Viagem
Se porventura seus olhos cruzassem os meus, já nada seria como dantes, a envolvência com que a sua presença se fez notar já seria o bastante para que nada neste precioso instante se tornasse um mero acaso.
Sua paz de espírito ao desfolhar cada página desse livro de capa escondida ao qual nunca pude ler o título, davam lhe uma paz avassaladora, uma transparência de alma que nada tinha a esconder.
O modo como as suas mãos firmes o seguravam definiam o interesse incessante que os seus dedos tinham em acariciar quase que de forma solene cada virar de página como que contrastando com o constante reboliço daquela curta viagem entre apeadeiros e estações.

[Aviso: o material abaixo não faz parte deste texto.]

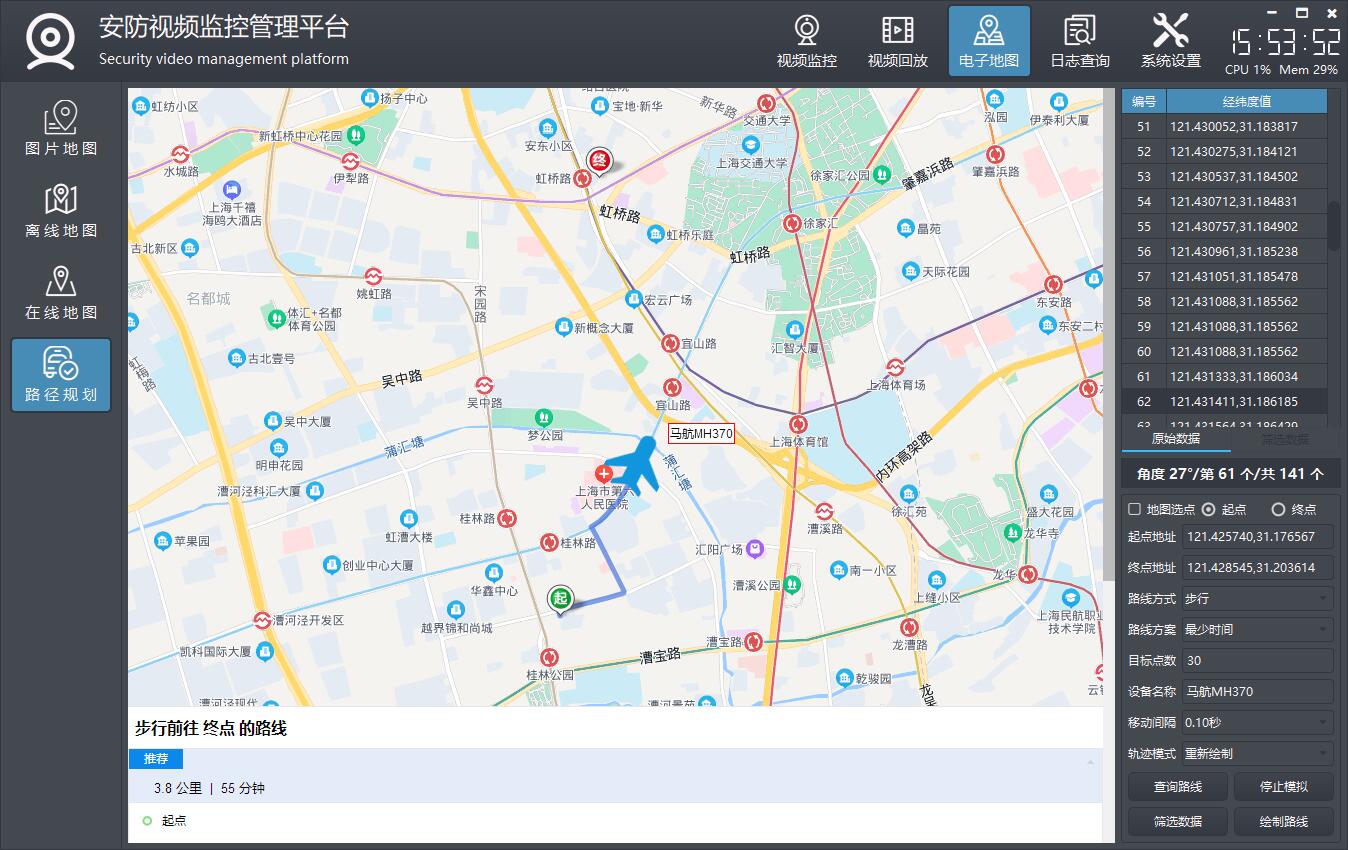 功能和在线地图完全一致,唯一区别就是地图是离线的,不需要联网。离线的地图需要自己准备好,可以网上通过瓦片地图下载器来下载需要的地方的离线地图,一般离线地图比较大,他是一张张图片,所以建议离线地图只下载自己需要的即可,比如某个县的地图,而不是所有的,所有的起码有几十GB。

Os nossos olhares jamais se cruzaram, pois eles os seus embrenharam-se numa viagem para a qual eu nem sequer tinha sido convidado, e na minha jornada segui, tentando decifrar cada momento dessa sua aventura, ora feita de sorrisos, ora de pequenas pausas e tímidos suspiros, mas sem nunca os seus olhos deixarem de fixar aquelas magicas páginas que a sua alma ia absorvendo.

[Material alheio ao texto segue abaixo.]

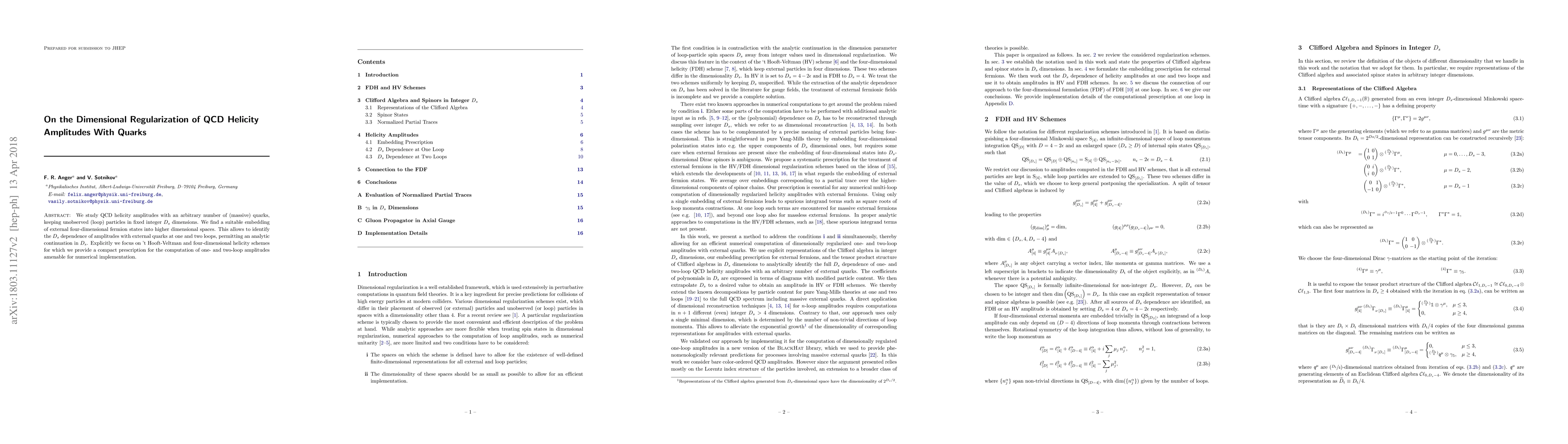 We study QCD helicity amplitudes with an arbitrary number of (massive) quarks, keeping unobserved (loop) particles in fixed integer $D_s$ dimensions. We find a suitable embedding of external four-dimensional fermion states into higher dimensional spaces. This allows to identify the $D_s$ dependence of amplitudes with external quarks at one and two loops, permitting an analytic continuation in $D_s$. Explicitly we focus on 't Hooft-Veltman and four-dimensional helicity schemes for which we provide a compact prescription for the computation of one- and two-loop amplitudes amenable for numerical implementation.

No rosto nunca lhe vi tristeza, nem por meros instantes, seu corpo manteve se intacto, embalado tão somente pelo já descrito solene movimento dos seus dedos, e assim ele se manteve até o seu destino.

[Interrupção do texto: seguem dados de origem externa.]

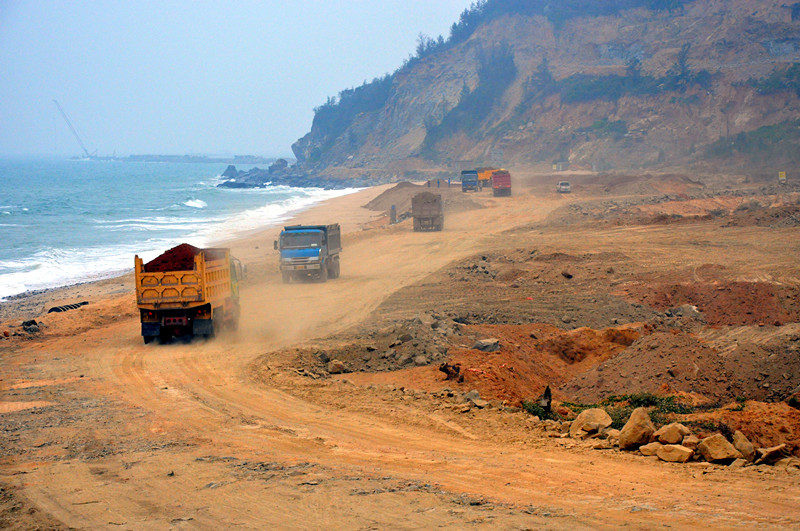 博賀新港區(qū)西防波堤施工便道建設(shè)現(xiàn)場(chǎng)

Se porventura seus olhos tivessem cruzado os meus, talvez ousasse perguntar o nome desse livro de capa escondida, mas desse ou de qualquer outro livro, não é do título que nos recordamos, mas sim da viagem que ele nos proporcionou.
E sendo assim ao livro dei-lhe o título “viagem” mesmo que para ela não tenha sido convidado.